Mal de parkinson depilatório

7 de Janeiro de 2009

Eu já falei sobre depilação aqui, e continuo me depilando com cera com a mesma pessoa. Porém, ah porém, às vezes surgem aqueles imprevistos. Um convite inesperado para uma piscina, e você tá lá, beirando o chewbacca. Bate aquele leve desespero, e o que acontece? Um buraco luminoso abre no céu e aparece uma gilette flutuante com raios dourados na sua frente. É o milagre da vida, o fim dos pêlos. Oremos para Santa Lisa de Deus.

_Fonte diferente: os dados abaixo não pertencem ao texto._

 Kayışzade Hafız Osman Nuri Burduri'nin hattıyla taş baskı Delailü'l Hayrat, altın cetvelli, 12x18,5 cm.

Tudo seria uma boa saída se eu não tivesse um pequeno problema de coordenação motora com as minhas mãos. Talvez seja por excesso de culpa, já que todos sabemos que usar a gilette é algo feio, bobo e recriminado pela Igreja Católica, pois mutila os pêlos ao invés de retirá-los pela raíz. Então, acontece o temido: eu sempre me corto. Sempre. Ou é na parte da frente da canela, ou do lado no tornozelo. Aí eu descubro que aquela luz que abriu não era do céu e sim do inferno, porque nunca é um simples corte. Não, é sempre algo que nunca mais pára de sangrar. Mas isso acontece na primeira perna e eu ainda tenho a outra (e agradeço por isso, mas…) pra depilar, dando início à difícil tarefa de conter o jorro incrível de sangue de um lado enquanto depilo o outro.

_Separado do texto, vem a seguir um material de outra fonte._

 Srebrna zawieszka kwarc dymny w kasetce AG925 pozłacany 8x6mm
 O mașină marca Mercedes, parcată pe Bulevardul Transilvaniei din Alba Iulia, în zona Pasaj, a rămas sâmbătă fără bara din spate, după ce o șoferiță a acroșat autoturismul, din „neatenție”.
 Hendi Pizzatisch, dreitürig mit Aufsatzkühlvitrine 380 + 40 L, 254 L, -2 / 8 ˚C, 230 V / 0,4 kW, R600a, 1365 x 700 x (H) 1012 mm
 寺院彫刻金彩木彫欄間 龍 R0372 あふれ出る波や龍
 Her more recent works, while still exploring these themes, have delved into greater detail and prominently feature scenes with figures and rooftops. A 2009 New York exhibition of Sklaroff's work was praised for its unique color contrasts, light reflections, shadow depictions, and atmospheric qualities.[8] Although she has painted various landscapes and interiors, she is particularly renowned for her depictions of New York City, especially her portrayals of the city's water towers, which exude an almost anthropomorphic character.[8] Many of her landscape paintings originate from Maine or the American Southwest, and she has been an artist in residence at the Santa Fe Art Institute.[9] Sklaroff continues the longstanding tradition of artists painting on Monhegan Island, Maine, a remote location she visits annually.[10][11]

Quando acabo, saio do banheiro para o quarto, deixando um rastro de sangue tipo soldado voltando da guerra. Se alguém perguntar o que houve, não gosto de admitir que sofro de mal de parkinson depilatório e respondo “nada”, o que só agrava a situação. E menos de cinco minutos, mais de 10 pessoas estão batendo na porta e tem uma sirene de ambulância no portão. Eu continuo sangrando por horas, e então resolvo que o melhor a fazer é simplesmente vestir uma calça para sempre e jamais me relacionar com alguém que tenha piscina em casa.

Ok, pode não ser bem assim, vai… mas é incrível como sangra aquele porcaria de corte.

Top 5 Famosos BFF

3 de Janeiro de 2009

Quem nunca sonhou ser melhor amigo do seu artista preferido que lance o primeiro mouse. Aquele famoso que a gente sabe até qual a cor preferida de calcinha, mas ele nem imagina que a gente sabe isso. Que se a gente visse na rua, ia tratar como um velho conhecido, mas isso nunca acontece… a não ser que você more no aeroporto, claro. Ou no Rio. Eu consegui lembrar de famosos o suficiente para serem meus miguxos do S2, carne e unha mesmo, e montar o Top 5 Best Friends Forever.

1. Woody Allen


Por tudo que já falei sobre ele aqui no blog, acho que não preciso dar grandes satisfações. Woody seria meu melhor amigo de todos os tempos *insira aqui um gif cegante com muito glitter e palavras miguxas*

2. Wagner Moura


Além de ótimo ator, o Wagner é muito gente boa. Afinal, quem mais seria cantor numa banda de rock brega? Eu e Wagner poderíamos entrar noite adentro cantando Odair José na varanda. Ligaríamos bêbados para o Lázaro Ramos huhu ai, esse Wagner sapecão..

3. Anne Hathaway


Seria o encontro de duas almas perdidas no mundo. Nos tornaríamos amigas ao reconhecer nossos rostos familiares numa loja Bloomingdale’s. Começaríamos a conversar sobre nossa incrível semelhança e descobriríamos diversas outras coisas em comum, como adorar a Audrey Hepburn, por exemplo. Poderíamos trocar de lugar em várias ocasiões, inclusive algumas premieres. Seria MARA!

4. Steve Carell


Steve é o cara perfeito pra ser meu melhor amigo. Ele não precisa fazer caras e bocas, não precisa contar piadas a cada meio minuto, não precisa fazer nada, na verdade, pra ser engraçado. Ele simplesmente é! Ele solta uma piadinha, fica com aquela cara de banana e depois dá uma risadinha sem graça. Steve Carell, ladies and gentlemen!

5. Brad Pitt


Porque todo mundo precisa ter um amigo colírio. Até mesmo pra ter alguma credibilidade perante a sociedade. Seria aquele amigo que todas as suas amigas morrem de inveja, e você diz “o que, o Brad? crescemos juntos… tomando banho de piscina, nos cumprimentando com tapinhas na bunda… imagine só que o sonho da mãe dele era nos ver casados! mas somos apenas bons amigos…”.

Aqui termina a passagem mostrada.